Я протянула руку, и он после секундной паузы вложил в нее свою. Пальцы длинные, тонкие, уже почти подростковые. Руки музыканта или хирурга. Или человека, который всю жизнь будет стараться держать всё под контролем, потому что в детстве контроля не было.

— Послушай меня внимательно, — сказала я. — То, что произошло вчера, — не твоя вина. Не потому, что ты что-то не так сказал, не так посмотрел, не вовремя вышел на кухню. И не потому, что ты “мешал”. Понял?

Он кивнул.

— И еще. Ты не должен выбирать между мной и папой. Это взрослые дела. Очень больные, очень глупые, очень запущенные взрослые дела. Ты ребенок. Твоя задача — расти, есть завтрак и ненавидеть математику. Всё.

На этот раз он все-таки улыбнулся. Слабо, но по-настоящему.

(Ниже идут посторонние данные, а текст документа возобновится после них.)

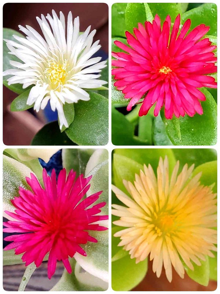 さん 濃いピンクでもみどりの葉と斑入りの葉 黄色を見つけた時はテンション上がりました🎵白は名前わからないけど葉は少し小さめ茎が固いです。でも花は同じようですよね😄✌
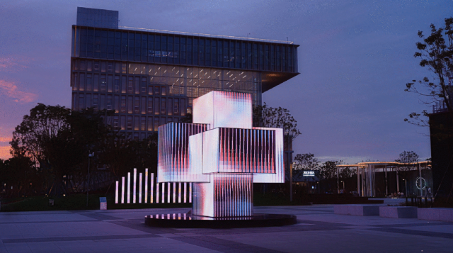 “智慧燈桿”基于“滴水湖”的實現(xiàn)海浪數(shù)據(jù),經(jīng)由算法生成高低起伏的輪廓形狀,再轉(zhuǎn)化為幾何形狀的LED矩陣,形成一片數(shù)字的“海浪矩陣”。
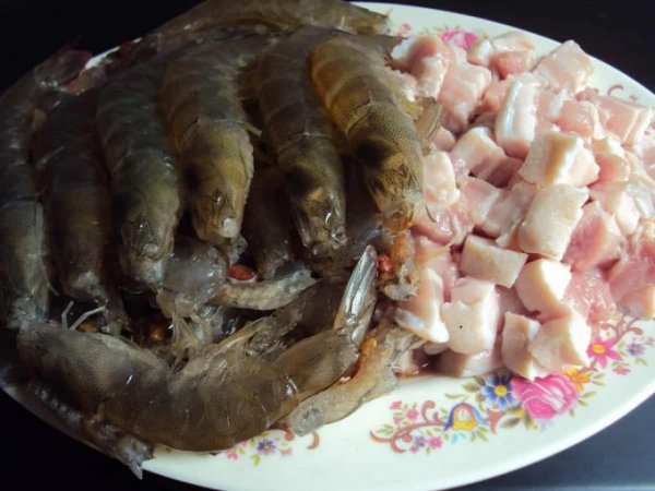 Thịt ba chỉ rửa sạch, cắt thành những miếng nhỏ cỡ ngón tay. Sau đó ướp với các gia vị tương tự như phần tôm, trộn đều để ngấm gia vị.
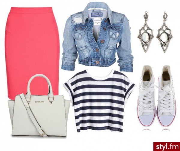 Наприклад, внизу облягає стегна контрастна смужка, а вгорі напівпрозора, майже непомітна. Дуже важливо не переборщити з смужками одному луці, а то від такого буде рябіти в очах. Так що поєднувати її краще з чимось однотонним (чорним піджаком). Чорно-білий образ рекомендуємо розбавляти аксесуарами, великими металевими сережками, до яких відмінно підходить металевого кольору клатч. У підсумку вийде строго, але жіночно.
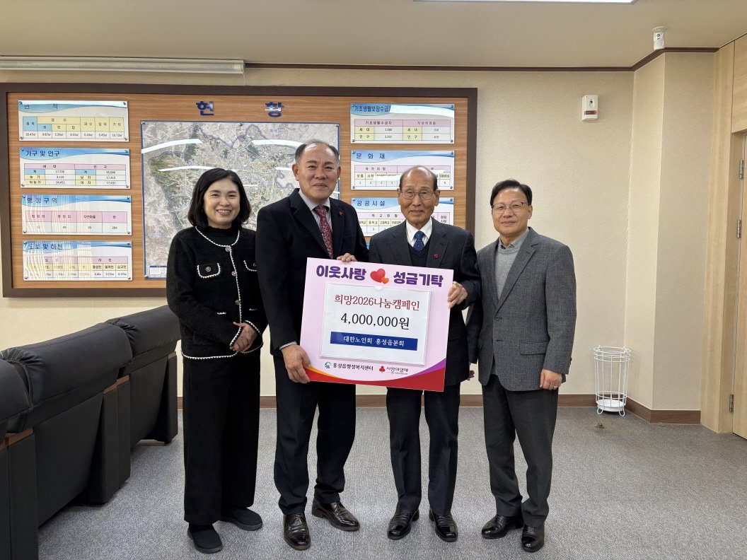 [충청25시] 대한노인회 홍성읍분회는 지난 17일 홍성읍 행정복지센터를 방문해 ‘희망2026 이웃돕기 성금’으로 400만 원을 기탁하며 지역사회에 따뜻한 나눔을 실천했다.
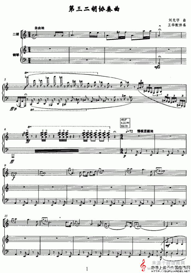 当前位置:曲谱图网器乐曲谱胡琴第三二胡协奏曲(五线谱版简谱曲谱胡琴谱教学)
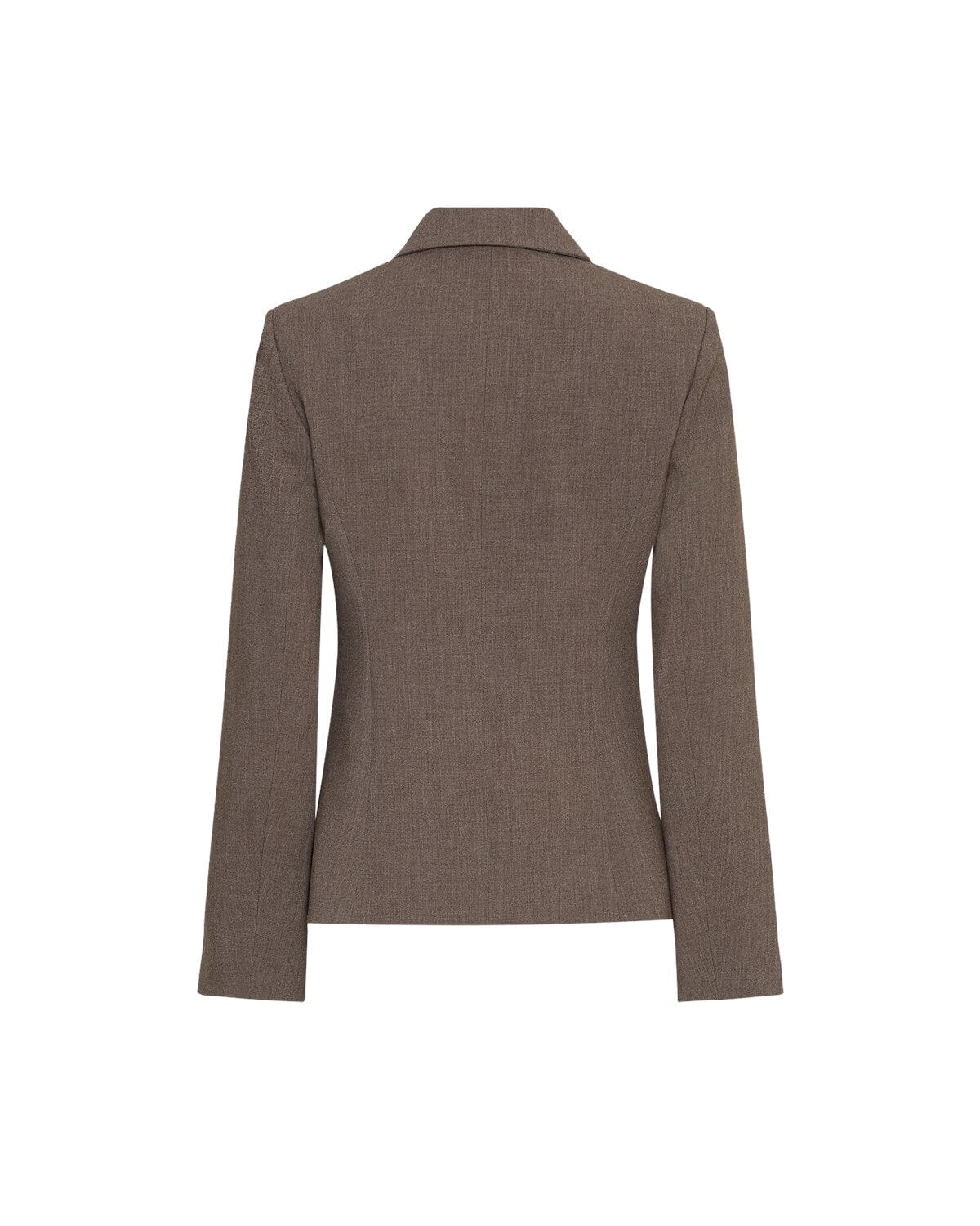Kavaj från Moss Copenhagen i mörkgråmelerad nyans. Kavajen har klassisk krage, långa ärmar och framfickor med lock.
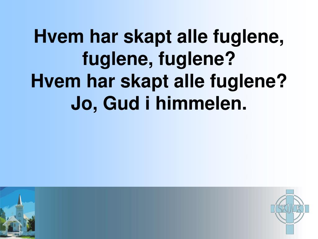 Hvem har skapt alle fuglene, fuglene, fuglene? Hvem har skapt alle fuglene? Jo, Gud i himmelen.
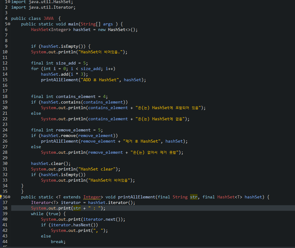 HashSet을 사용하기 위해서는 HastSet을 import 해줘야 한다.import java.util.HashSet;

— Я не ненавижу математику.

— Тогда можешь ненавидеть кашу.

— Это проще.

Я встала, поставила сковородку на плиту и начала жарить омлет, потому что готовить — лучший способ не упасть в бездну в восемь утра. Масло зашипело, запах яиц поплыл по кухне, и на секунду всё стало почти обычным. Почти.

Потом зазвонил телефон.

Я знала, кто это, еще до того, как посмотрела на экран. Тело узнаёт угрозу быстрее мозга.

Илья.

Я смотрела на имя и чувствовала, как внутри поднимается знакомая волна: тревога, раздражение, жалость, усталость, готовность услышать его голос и по интонации за три секунды понять, сколько там сегодня драматизма, сколько вины, сколько настоящего страха, а сколько просто плохого похмелья.

— Не бери, — тихо сказал Лёва.

И вот это было последней каплей.

Потому что мой сын не должен сидеть за завтраком и просчитывать, брать ли матери трубку от отца. Не должен напрягаться при звуке рингтона. Не должен читать по моему лицу степень семейной опасности.

Я выключила звук и перевернула телефон экраном вниз.

— Сегодня не буду, — сказала я.

Лёва кивнул. И выдохнул. Совсем чуть-чуть, но я увидела.

Ребенок выдохнул от того, что мать не взяла трубку от отца.

Меня накрыло такой яростью, что потемнело в глазах.

Не на Илью даже. На себя. На то, как долго я это нормализовала. Как долго объясняла себе, что у него трудный период, творческий кризис, нежная психика, мужская уязвимость, сложный характер, депрессия, алкоголь, страх старения, страх провала, страх несбывшейся жизни — всё что угодно, только не простую страшную правду:

мне годами было больно,

и моему ребенку тоже.

Телефон завибрировал снова. Потом еще. Потом пришло сообщение.